8. Communication plan, resources. Do we want to use a wiki? When will we update burn down charts? How will the executive sponsor know what is going on? What metrics to we want to hand on the wall


To facilitate divergence, collect a lot of information without judgment. Use brainstorming without commenting on stupid or great ideas. Simply list out all the things needed to move forward. Then to drive to convergence, group trends, prioritize and use these to drive the conversation.

To make sure everyone is heard and understood, use round robin technique and ask managers and strong voices to respond last. Also use anonymous feedback to get to hear from those who tend to compromise. Another technique is Multi-voting where out of 20 pieces, members pick to the 3 most important.

If team members disagree, slow down. Accumulate information with patience, allow for silence (30 seconds), and do not jump to decisions/solutions too soon. You have to slow down, but once you do it, you will speed up because you will not run into the same problem over and over again.

Jean then covers the ORID principle or the What? Gut, So What? NowWhat?

Objective: Give me the data. No emotion. Who what when where

Reflective: Giving all the what, how is your reaction?

Interpretive: What could be possible interpretations of how we might move forward

Deciding: Now that we have all this information what do we do?

Jean also suggest applying ORID even one on one: what did we get done today? What was challenging about that or easy about that?

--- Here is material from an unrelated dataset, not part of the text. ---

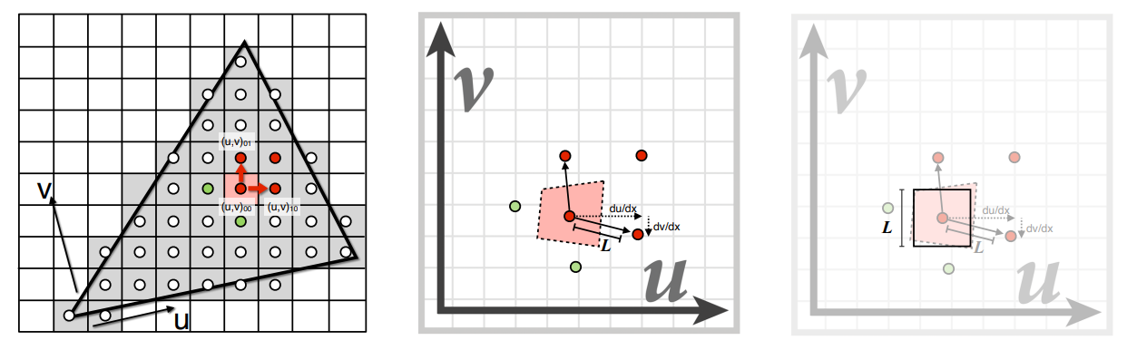 我们可以取该像素中心点,以及周围的几个像素中心点,把它们一起映射到纹理空间中,如下图右所示:

What could that mean about how we work together? What might we do differently the next time?

Next Jean covers the importance of closing meetings. She suggests reviewing the purpose and agenda, processing issues in the parking lot, and personal objectives, conducting action planning and communication planning, and evaluating the event through a retrospective

Jean mentions an interesting statistic about stand up meetings from Harvard business review: teams take 34% less time n a meeting to come to the same quality decision if they are standing instead of setting.

Next Jean refers to the book Creative Whack Pack for some ideas on making meeting more interesting and entertaining. She recommends changing your point of view or reversing point of views. What would I say as a tester vs. a developer? Think about what a 6 year old would say about your project? What would a court jest way about our project? Have others defend the opposite approach. What won’t work in your idea? What are you willing to let go of?

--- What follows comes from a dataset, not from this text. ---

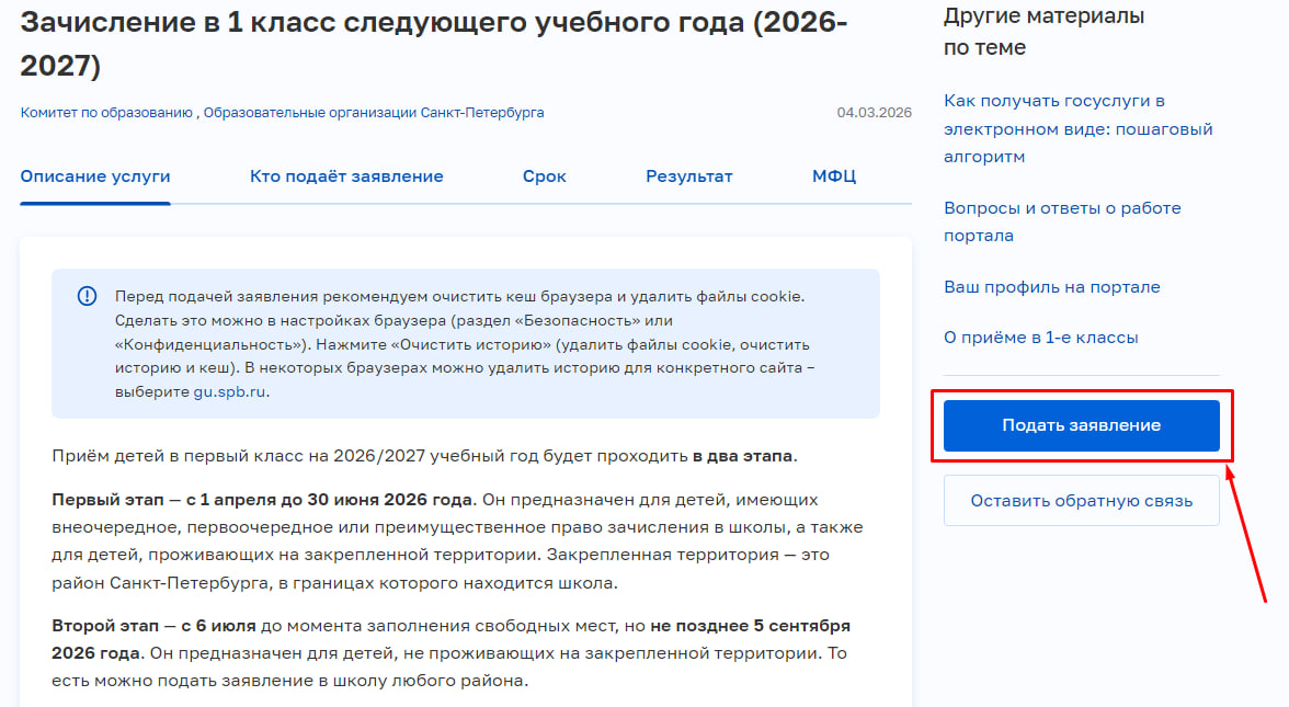 Запись в первые классы проходит в два этапа.

To make things fun, Jean recommends New rituals and ceremonies for punctuation. Examples are haikus, bells, frog zip, and zen stories. Or open a book, point to a word and see what it has to do with your project. Or bring guest speakers from outside not technical). Also, metaphors are stimulants. Use it to stimulate creativity.

Finally, after a quick review, Jean asks us to list the top 3 ideas we are willing to take back with us. Go for it!